Ulay (Frank Uwe Laysiepen) 1943-2020
Action in 14 predetermined Sequences: There is a Criminal Touch to Art
This video work is a documentation of the live Action Ulay performed in Berlin in 1976. It shows step by step his arranged "art theft" of Carl Spitzweg’s painting "The Poor Poet" from the Neue Nationalgalerie and his reception in commentaries and reactions from the press. During his performance Marina Abramovic, the artist who in the same year became his partner in work and life, took on the camera work and the visual documentation.

The announcement "There is a criminal touch to art", spoken by Ulay, forms the beginning of his account which first presents the headlines and original sounds of a radio report, and solves Ulay’s mystery of the so-called "picture theft" by revealing that the 30-year-old was an Amsterdam art student whose Action had been a "demonstrative act".

With Carl Spitzweg’s picture of the "Poor Poet", Ulay has in a sense stolen the "symbol of the German soul" from the National Gallery to hang it up in Kreuzberg in a Turkish family’s living room. Since it is not only one of the paintings best-known and loved by the public, but has also fallen into disrepute thanks to Hitler’s admiration of the artist and his works, Ulay’s demonstration gives a clear sign. His concern is to make people aware of the difficult situation of immigrants and their families in Germany.

Before showing the video of the Action, Ulay describes the course of events in 14 programmatic steps as follows:

He starts by hanging a reproduction of the Spitzweg painting "The Poor Poet" measuring 2.50 m in front of the College of Fine Arts in Berlin. Then he drives to the National Gallery in his own car and parks it at the back of the building. From there, he walks into the National Gallery building like any normal visitor to the museum, removes the picture from the wall, walks quickly back to his car and escapes in the direction of Kreuzberg to the "Künstlerhaus Bethanien" where he leaves his car. From the Künstlerhaus, he walks into the Moskauer Strasse, still carrying the picture. Once there, he enters a house for immigrant (so-called guest workers’) families where, in the living room of one of the families, he takes down a reproduction and hangs up the painting by Spitzweg instead.

Each individual step of the performance is now shown as it is being carried out. There are small, unexpected interactions such as the dispute with a woman museum attendant while shooting Ulay’s Action. With the camera running, she informs Ulay that filming is prohibited in the National Gallery and that he must leave the museum. At last, he is able to continue his Action but in the Gallery, only still photographs are taken to document how he is walking through the exhibition rooms, taking the painting off the wall and escaping with it to the car.

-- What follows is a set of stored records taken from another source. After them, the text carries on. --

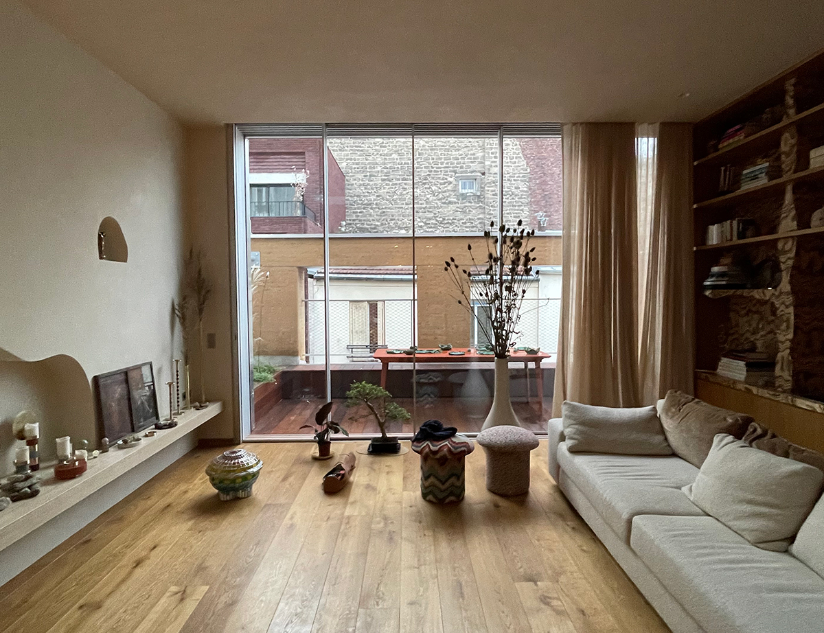 D'un voyage en Amazonie – une épopéee de 2 000 km jusqu’à la réserve indienne des Satere Maw – Sarah Valente crée la fondation Greenline Foundation, projet entrepreneurial porteur de sa passion et de son respect pour le monde végétal qu’elle estime vital de protéger, et source de son expression artistique. De son exploration intérieure, Emmanuelle et son frère Philibert Déchelette, fondateurs de l’agence Déchelette Architecture à Paris 10e, ont su retranscrire « ma vocation de la nature, du monde végétal, des forêts en utilisant des techniques et des matériaux plus doux comme la terre et le bois. Mais aussi l’aluminium, en référence aux toitures parisiennes, et pour se raccorder à l’architecture de Paris », expose la propriétaire.
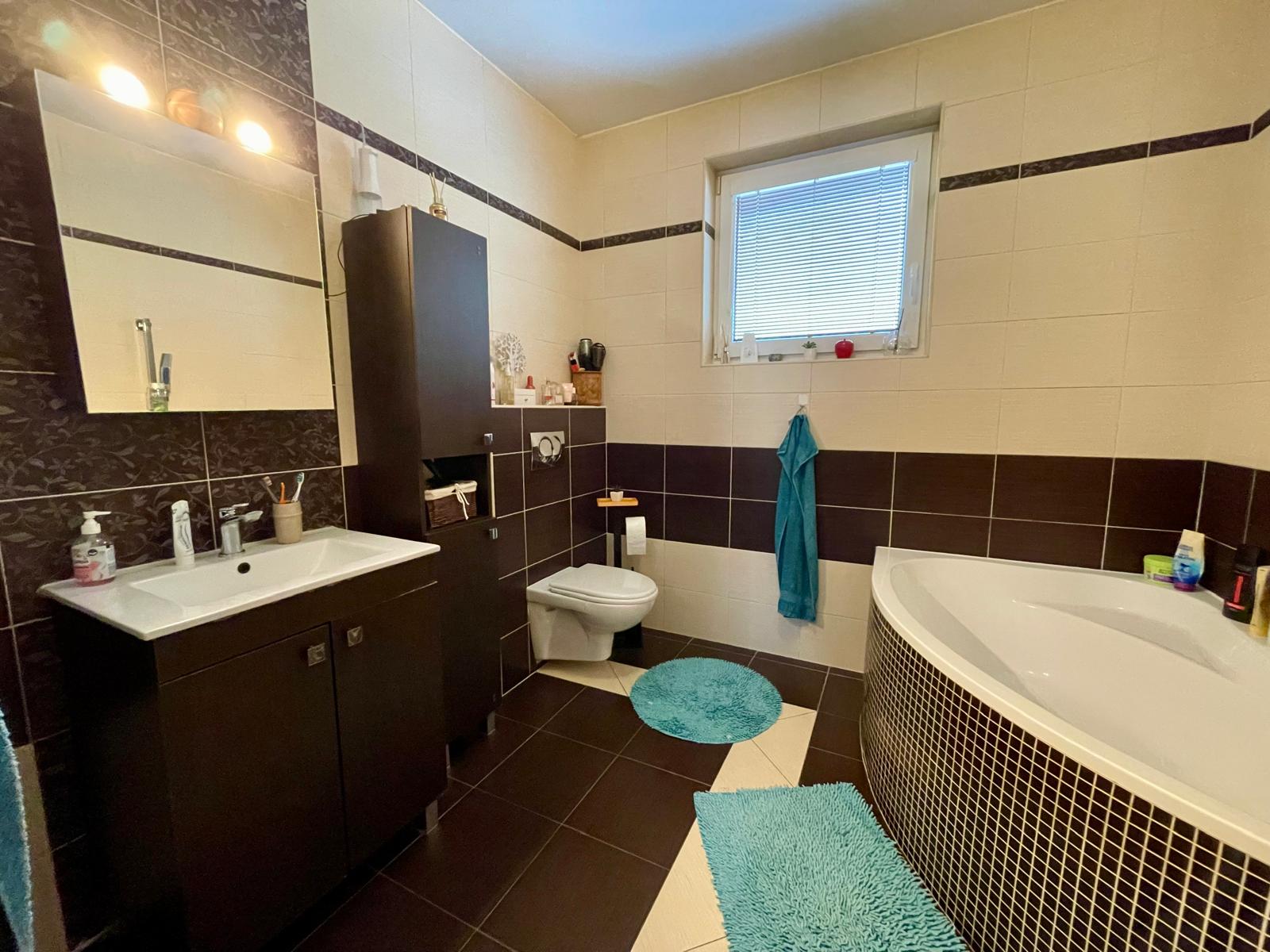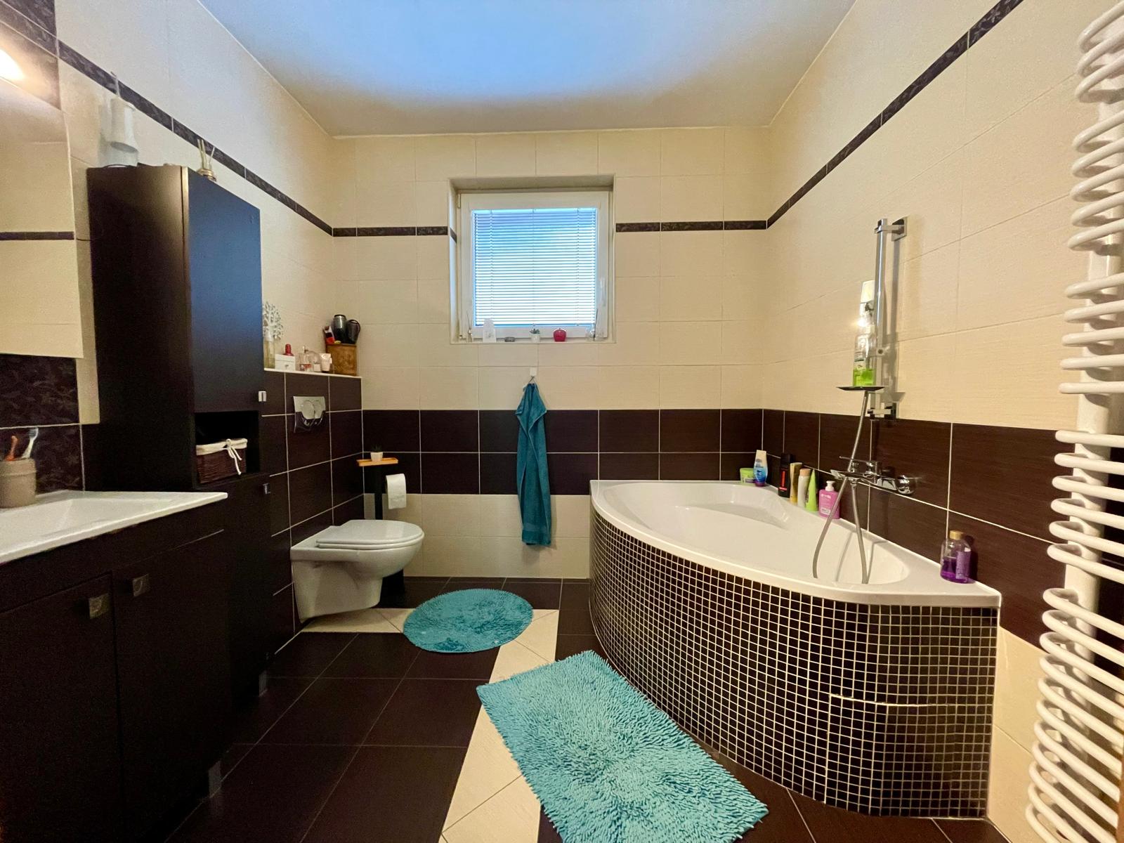- Priestranná kúpeľňa s rohovou vaňou a WC
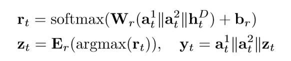 解码器的投影层将解码器输出映射到整个词汇表。然而在推断期间,解码器可以从词汇表中预测在当前句子或关系集或特殊标记中不存在的标记。为了防止这种情况,在投影层上应用softmax时进行mask,屏蔽词汇表的所有单词,但不包括当前源句标记、关系标记、分隔符UNK和EOS标记。要从softmax中屏蔽(排除)某些单词,将

From a phone booth near Moskauer Strasse, Ulay informs the director of the museum of the whereabouts of the picture.

The whole performance takes thirty hours.

Afterwards, Ulay documents some of the reactions to his demonstrative act in the video by hanging up the various press reports and focusing the camera on the headlines: "Madman steals world-famous Spitzweg painting in Berlin", "Poor Poet to adorn the living-room of Turks" , "The ‘Poor Poet’s’ short-lived jaunt", and "Poor Poet now sits under acrylic", and in this order they look like a shorthand description of his Action.

The press reactions thus form an important part of Ulay’s performance because it is only via the media that the artist’s symbolic act can achieve its aim and make the public aware of abuse. His confrontation is touching a raw nerve in society as it realises its (status) symbols and operates with them. This "theft" does not constitute a harmless simulation but an act intended to hit home, to hurt. In that sense, this work is connected with Ulay’s concern with the sore and tender spot of both man and recipient which he strives to reveal either through self-mutilation or, as in his "Fototot" (Photo-dead) works, by making it impossible to watch, so that it reflects the inner hurt of the artist back to his ignorant audience, holding a mirror up to them.